Note that this is on nodes with the device_ownership_from_security_context set to true at the containerd level.

dropte avatar Nov 14 '23 14:11 dropte

I see. Maybe as non-root it would make sense for us to use these

-m, --touch
    Don't extract file modified time.

--no-overwrite-dir
    Preserve metadata of existing directories.

akalenyu avatar Nov 14 '23 15:11 akalenyu

/assign akalenyu

akalenyu avatar Nov 20 '23 13:11 akalenyu

Is this still an issue for you?

aglitke avatar Dec 18 '23 13:12 aglitke

Issues go stale after 90d of inactivity. Mark the issue as fresh with /remove-lifecycle stale. Stale issues rot after an additional 30d of inactivity and eventually close.
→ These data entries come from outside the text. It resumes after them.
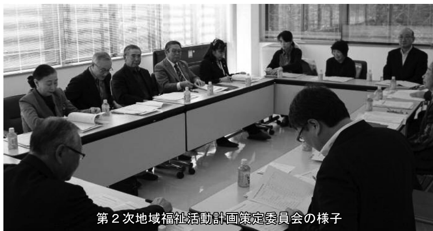
第2次地域福祉活動計画策定委員会の様子

本年も皆様にとって良い年にな るよう、役職員一丸となって 深浦町の地域福祉向上に努力し ていく所存ですので、今後もお 力添えを賜りますようお願い申 し上げ、新年にあたってのご挨拶 とさせていただきます。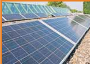
Auf dem TechnologieZentrumDortmund installierte asol solar eine 5,78 kWp-Solarstromanlage.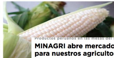
El maíz fresco, un

Con el acceso del maíz fresco a Chile, no se necesitará congelar los granos para exportar ya que ahora se puede enviar la mazorca completa.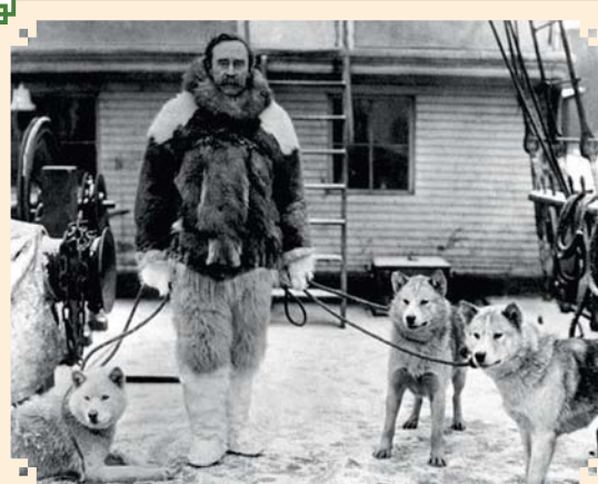
През 2016 г. се навършват 160 г. от рождението на именития полярен изследовател.

If this issue is safe to close now please do so with /close.

/lifecycle stale

kubevirt-bot avatar Mar 17 '24 14:03 kubevirt-bot

/remove-lifecycle stale

akalenyu avatar Mar 17 '24 14:03 akalenyu

I've encountered the same issue.

Content of TAR that causes the error:

$ tar -tv --numeric-owner -f archive.tar 
drwxr-xr-x 2009/2000         0 2024-04-05 05:33 ./
drwxr-xr-x 2009/2000         0 2024-04-05 05:33 ./blah/
-rw-r--r-- 2009/2000        12 2024-04-05 05:33 ./blah/README
drwxr-xr-x 2009/2000         0 2024-04-05 05:33 ./foo/

Content of the TAR that doesn't cause an error:

$ tar -tv --numeric-owner -f archive2.tar 
drwxr-xr-x 2009/2000         0 2024-04-05 05:33 blah/
-rw-r--r-- 2009/2000        12 2024-04-05 05:33 blah/README
drwxr-xr-x 2009/2000         0 2024-04-05 05:33 foo/

ianb-mp avatar Apr 08 '24 01:04 ianb-mp

Issues go stale after 90d of inactivity. Mark the issue as fresh with /remove-lifecycle stale. Stale issues rot after an additional 30d of inactivity and eventually close.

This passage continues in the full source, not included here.